Ein landwirtschaftliches Gewächshaus im Zentrum von Algund trägt für fünf Monate den Namen Caldera und wird damit zu einem temporären Ort für Kunst und Pflanzen. Caldera cooking & observing ist der Auftakt der von BAU, dem Institut für zeitgenössische Kunst und Ökologie kuratierten Programmreihe Caldera, die an drei Wochenenden im Juni, September und Oktober 2022 im Austausch mit lokalen und internationalen Expert*innen aus den unterschiedlichsten Wissensfeldern dort veranstaltet wird.
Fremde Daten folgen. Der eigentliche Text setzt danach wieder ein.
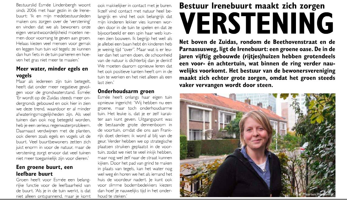 19/11/2014 De NMT Special "Energie in de stad", verspreid op 19 november 2014, bevat een interview met ons bestuurslid Esmée Lindenbergh over het belang van groene tuinen. Lees hier het artikel of klik op de foto.

Am Sonntag, 3. Juli ab 17 Uhr werden bei Caldera cooking & observing Kunstwerke von Carmen Müller und Gabriela Oberkofler präsentiert. Die Kuratorinnen Simone Mair und Lisa Mazza von BAU sprechen bei einem Aperitif mit der Meraner Künstlerin Carmen Müller, die sich selbst als „Gartenforscherin“ bezeichnet und mittels verschiedener künstlerischer Ausdrucksmittel Begegnungen mit Pflanzen und ihren Menschen dokumentiert, über ihre Arbeit. Die Caldera ist am Sonntag offen für alle Interessierten. Der Eintritt ist frei, es ist keine Anmeldung nötig.

Das Projekt Caldera ist nach einer Idee von Harry Thaler und BAU entstanden.